The 2014 WSOP is officially in the history books now that Martin Jacobson of Sweden has won the Main Event. But if you’re the only one of your friends who actually knows that, don’t be too surprised. The audience for ESPN’s coverage of his victory on Tuesday night, featuring a new “nearly live” format with a 30-minute delay that allowed hole cards to be shown for every hand, was down 6.1 percent from last year’s.
A total of 1.15 million people tuned in to see Jacobson become poker’s latest world champion. Last year, 1.23 million people watched Ryan Riess take down the 2013 championship. Part of the drop from the previous year might be attributable to the matchup. In 2013, the final night of coverage featured the heads-up match between American amateur Jay Farber and his professional compatriot. This Tuesday’s ESPN coverage showed three-handed play between three European professional poker players – Jacobson, Felix Stephensen, and Jorryt Van Hoof – before Van Hoof was eliminated in third place and the two Scandinavian players faced off for the bracelet. Not only was last year’s matchup more immediately accessible for an American TV audience, but the two-man show was significantly shorter as well.
There’s not a lot ESPN can do about the makeup of the final table, and they don’t appear to be ready to change the format of their broadcasts to make them shorter. Moreover, they’ve been happy with flat numbers in the post-Black Friday era, so the chances of major changes to the WSOP formula mean we’ll probably see a similar format through 2017, when the network’s contract to air WSOP coverage comes to an end. But a look at the rest of the shows that finished ahead of the WSOP this Tuesday in the top 100 cable TV programs gives a couple of hints as to how some other enterprising producers could turn a poker-related property into something a more mainstream audience will actually want to watch.
Sons Of Anarchy – 4.38 million, 2.2 rating
The top-rated show on Tuesday night was FX’s Sons Of Anarchy.
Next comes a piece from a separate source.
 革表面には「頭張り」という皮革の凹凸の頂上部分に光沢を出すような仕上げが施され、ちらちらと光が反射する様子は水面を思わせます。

The latest episode of the drama about a California motorcycle gang, now in its seventh season, drew close to four times as many viewers as the WSOP finale. If viewers want to see more colorful characters and crime, a lightly fictionalized version of the lives of the Binion family, founders of the WSOP, would give them plenty of both – after all, father Benny only left Dallas for Las Vegas when the sheriff he’d had in his pocket lost the election and two reformers took over the District Attorney’s office.
The Big Bang Theory – 2.373 million, 0.9 rating
Re-runs of this long-running sitcom about a bunch of nerds grabbed five of the top 10 ratings for all of cable TV on Tuesday, with the most-watched of them seen by twice as many people as the WSOP. Given that all the outlaws and loudmouths are gone from poker and the game is beginning to be dominated by “nerds and mathletes,” as one friend of mine describes them, it’s hard to know what additional lessons to take from The Big Bang Theory. Maybe the best is to make people laugh – perhaps by upgrading the WSOP from a guy who ”>says he once suffered through three laughless years before giving up on stand-up comedy to one who has produced comedy for MadTV and Funny Or Die? (Or if you’re a traditionalist, like the latter himself, maybe just let the latter write for the former.)
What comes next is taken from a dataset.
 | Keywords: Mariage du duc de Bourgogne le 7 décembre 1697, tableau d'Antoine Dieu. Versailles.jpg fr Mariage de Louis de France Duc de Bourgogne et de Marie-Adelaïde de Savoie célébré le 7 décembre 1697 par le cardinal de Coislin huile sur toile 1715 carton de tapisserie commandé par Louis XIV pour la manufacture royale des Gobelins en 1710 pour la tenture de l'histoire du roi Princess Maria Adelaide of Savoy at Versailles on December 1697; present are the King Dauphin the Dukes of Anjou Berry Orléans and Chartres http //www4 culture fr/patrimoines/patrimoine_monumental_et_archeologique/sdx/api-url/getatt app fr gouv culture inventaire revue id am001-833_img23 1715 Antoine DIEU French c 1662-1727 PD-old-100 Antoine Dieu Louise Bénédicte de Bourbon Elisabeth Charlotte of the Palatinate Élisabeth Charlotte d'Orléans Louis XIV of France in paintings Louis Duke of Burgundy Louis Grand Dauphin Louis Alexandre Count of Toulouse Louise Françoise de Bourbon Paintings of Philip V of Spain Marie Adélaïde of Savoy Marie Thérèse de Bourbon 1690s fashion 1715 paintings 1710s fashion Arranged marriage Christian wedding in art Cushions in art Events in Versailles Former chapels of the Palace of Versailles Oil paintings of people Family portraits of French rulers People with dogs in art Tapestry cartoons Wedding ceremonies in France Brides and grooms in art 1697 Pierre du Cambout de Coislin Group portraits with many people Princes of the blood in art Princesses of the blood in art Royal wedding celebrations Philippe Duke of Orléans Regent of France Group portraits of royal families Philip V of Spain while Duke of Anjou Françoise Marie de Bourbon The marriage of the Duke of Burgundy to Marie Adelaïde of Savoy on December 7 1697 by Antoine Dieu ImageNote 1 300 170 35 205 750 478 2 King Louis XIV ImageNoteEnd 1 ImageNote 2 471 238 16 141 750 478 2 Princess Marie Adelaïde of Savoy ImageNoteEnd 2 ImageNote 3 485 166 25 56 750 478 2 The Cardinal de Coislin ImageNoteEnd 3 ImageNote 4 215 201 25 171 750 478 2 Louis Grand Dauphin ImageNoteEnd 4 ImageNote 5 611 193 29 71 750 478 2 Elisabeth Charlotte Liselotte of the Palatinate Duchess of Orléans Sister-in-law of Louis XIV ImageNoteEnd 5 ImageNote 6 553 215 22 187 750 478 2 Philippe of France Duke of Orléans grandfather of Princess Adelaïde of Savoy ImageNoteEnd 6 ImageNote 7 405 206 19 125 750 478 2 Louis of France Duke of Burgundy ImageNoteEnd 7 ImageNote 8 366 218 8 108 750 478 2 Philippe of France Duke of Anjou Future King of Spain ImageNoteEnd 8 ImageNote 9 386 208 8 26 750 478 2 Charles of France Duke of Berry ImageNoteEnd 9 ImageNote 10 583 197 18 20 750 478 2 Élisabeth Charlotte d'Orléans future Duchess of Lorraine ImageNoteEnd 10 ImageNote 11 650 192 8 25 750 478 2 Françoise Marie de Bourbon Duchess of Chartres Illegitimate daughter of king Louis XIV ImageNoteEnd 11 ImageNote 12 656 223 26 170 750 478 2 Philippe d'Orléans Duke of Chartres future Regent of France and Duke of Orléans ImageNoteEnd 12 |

Real Housewives of New Jersey – 1.634 million, 0.7 rating
With 50 percent more viewers than the WSOP, this reality show about wealthy “housewives” is a spinoff of a franchise that has shown America the pampered lives of rich women living in major metropolitan areas since 2009. If all you want to do is match their banality, plenty of high-rollers in New Jersey and other poker centers have “girlfriends” who can probably quote you an on-camera rate. But if you wanted to do one better, you could make a reality series about the women who make a living playing cash-game poker in New Jersey, Los Angeles, Las Vegas, New England, or any other place where grinding to pay the bills is a possibility. There are plenty of them out there, and they’re bound to be a lot more interesting than any housewife since they live by their wits in a male-dominated world.
Law & Order: Special Victims Unit – 1.23 million, 0.4 rating
There’s a hunger among the American TV-watching audience for dark crime stories, as the popularity of a marathon of Law & Order: SVU on Tuesday show – almost every single episode was more highly rated than the WSOP. Sadly enough, there enough such stories around the poker world to put together a full season of a Law & Order-like crime anthology series. Sometimes a poker player meets an untimely end, like Mehmet Hassan, who was murdered after being lured into a premeditated burglary. Other times it’s the poker player on the wrong side of the law, like Ernie Scherer, who was tried and convicted of murdering his parents, or Marcus Bebb-Jones got 20 years for murdering his wife, whose body wasn’t found until seven years after she disappeared.